Ken Wright was treated to a golf tournament in his honour at Castle Hawk golf club, where he was greeted by an officer from his old regiment, the Suffolks, piper escorts and standard bearers from the British Legion.
He was chauffeured in a World War Two jeep to the first hole at the club, where he teed off the tournament – aptly named the Ken Wright Cup.
It is believed Ken is the only surviving veteran who landed on Sword Beach with the 8th brigade, part of 3rd British Infantry Division on 6 June 1944; the Royal British Legion has said that Ken is Rochdale’s only D-Day veteran that they are aware of.
One of five children, Ken was born to his Rochdale father, Fred – who served in World War One – and his Shropshire mother, Mary-Ann, on 10 October 1922.
Ken attended Newbold Comprehensive until he was 14 when he went to work in a cotton mill. After a run in with a lorry on the first day of spring when cycling to work, he moved into construction before he was called up to the Army on 15 January 1942.

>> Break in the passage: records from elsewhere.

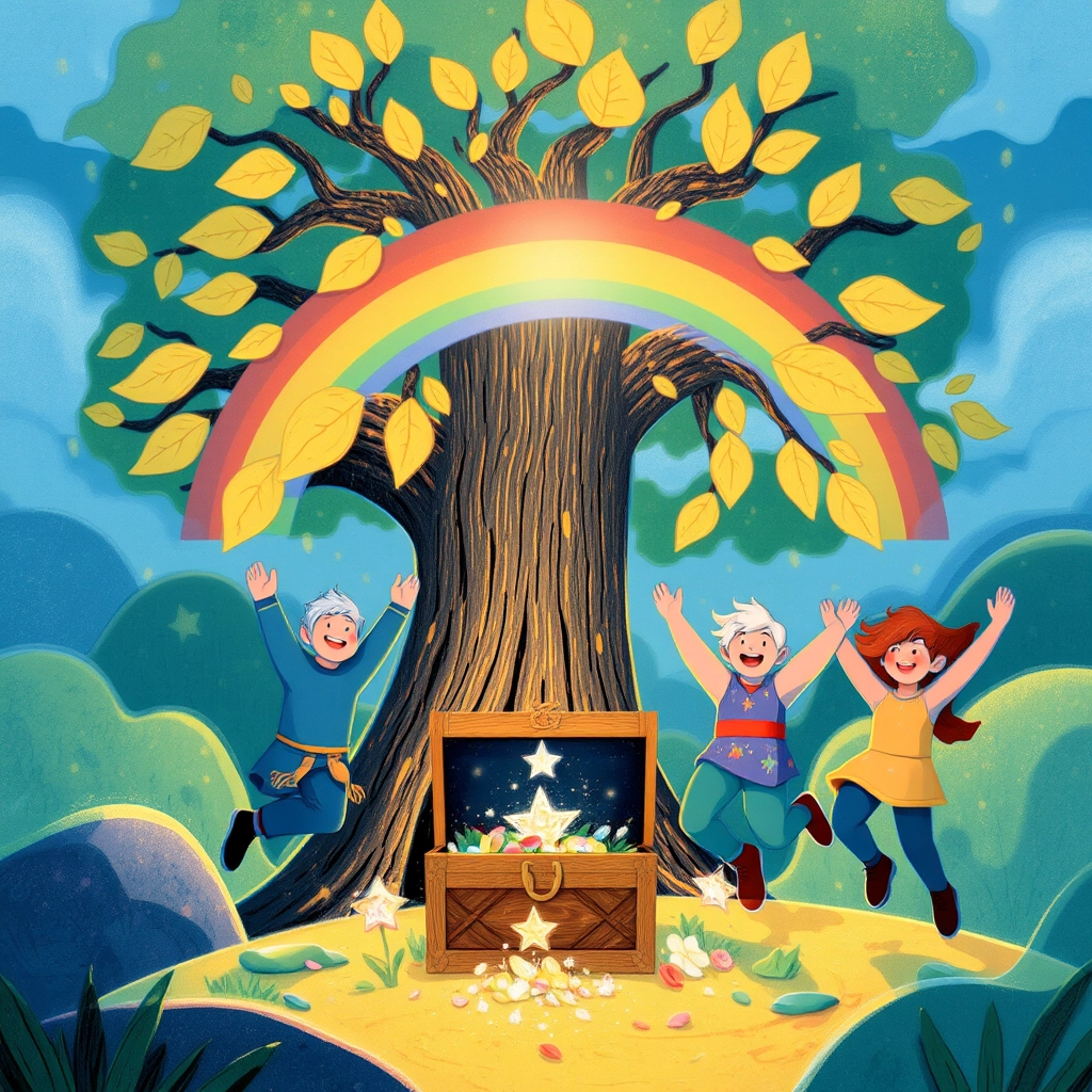 With courage, teamwork, and the treasures they collected, they reached the X: a golden treasure chest beneath the Rainbow Tree.
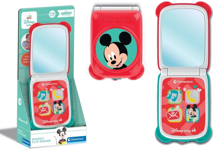 Clementoni Baby Mickey opklapbare smartphone voor kinderen 9–36 maanden. 4 lichtgevende knoppen, spiegelend scherm, ondersteunt motoriek. Batterijen inbegrepen.
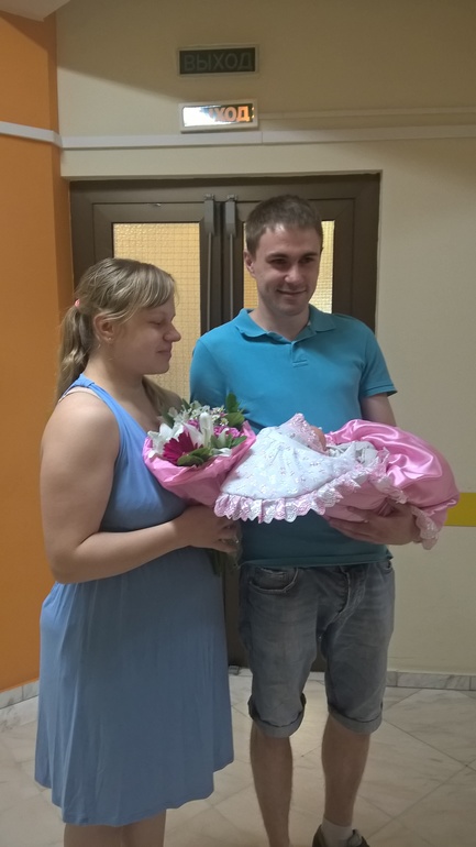 Моя старшая Катюшка 4 июня вышла замуж. 12 июля у них родилась доченька София. В 23.45 вес 4.480,рост 55 см.16 июля их выписали.
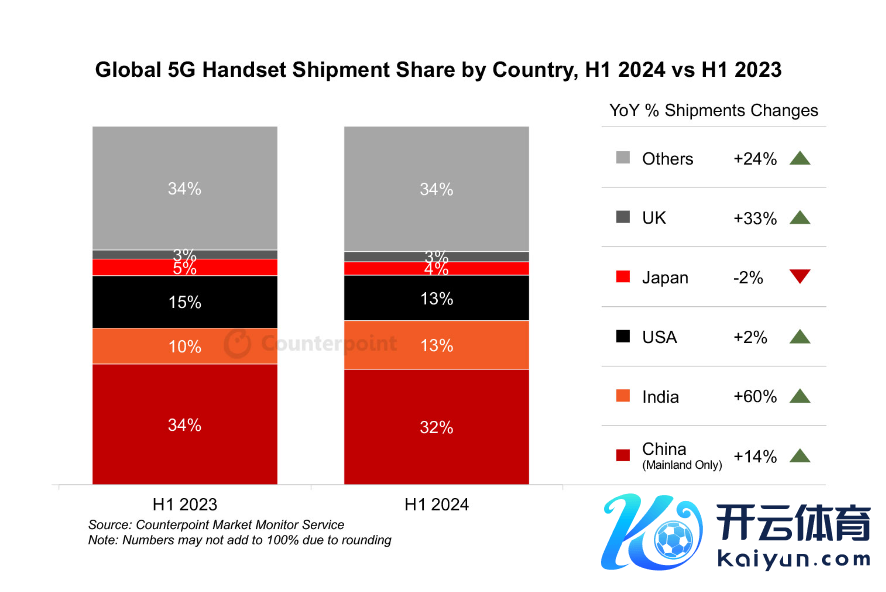 9月11日,Counterpoint Market Monitor工作的最新考虑效简直切,2024年上半年专家5G手机出货量同比增长20%。印度初次逾越好意思国,成为专家第二大5G手机商场,仅次于中国。

Ken was called up to the Suffolk regiment, 1st Battalion, where he served until he was demobbed after five years and one week.
Fortunate enough to make it through the war unwounded, he went back into construction before retiring, aged 65.
On 20 March 1948, Ken married Nellie Cockcroft, and they had a son, Alan, in 1954. Alan and his wife, Lorraine, have three children, Dean, 36, Adam, 35, and Laura, 30, and one great-grandchild.
Ken and Nellie were married until her death at the age of 81, on 20 December 2010.
Ken picked up golf as a hobby when he was 50, thanks to his younger brother, and joined Castle Hawk two years later, after picking up a full set of golf clubs from a second-hand shop for £18.
Reflecting on his time in the army as a private, Ken revealed he was one of the first soldiers to land on Sword Beach during the D-Day landings with the 8th brigade, which consisted of 1/ Suffolk regiment (made up of A, B and C companies), 2/ East Yorkshire and 1/South Lancashire.
1/Suffolk was the last battalion of the brigade to land, acting as a reserve and with further instructions beyond the taking of the beach itself.
Part of C company, the rifleman sniper believes he may be one of the few survivors still alive today to have landed on the first day.
The Royal British Legion said that the charity was “aware” of a few D-Day veterans from other regions and platoons who landed on other beaches, but none from Ken’s.
In 2008, Ken made his first return to France since the war, where he and his family visited the grave of Private John Sidlow, his best friend who had been killed in action.
“I didn’t know what town or cemetery he was buried at,” Ken said. “We were driving when we saw a sign saying there was a British cemetery, so we parked up and went to look. Alan and my grandsons were off – and they somehow walked straight to John’s grave, like they knew where he was.”
He has since returned to Normandy for the 70th and 75th anniversaries of the D-Day landings, and plans to return for the 80th in 2024.
In 2016, Ken was appointed to the rank of Chevalier (Knight) in the prestigious Legion of Honour, France’s highest honour.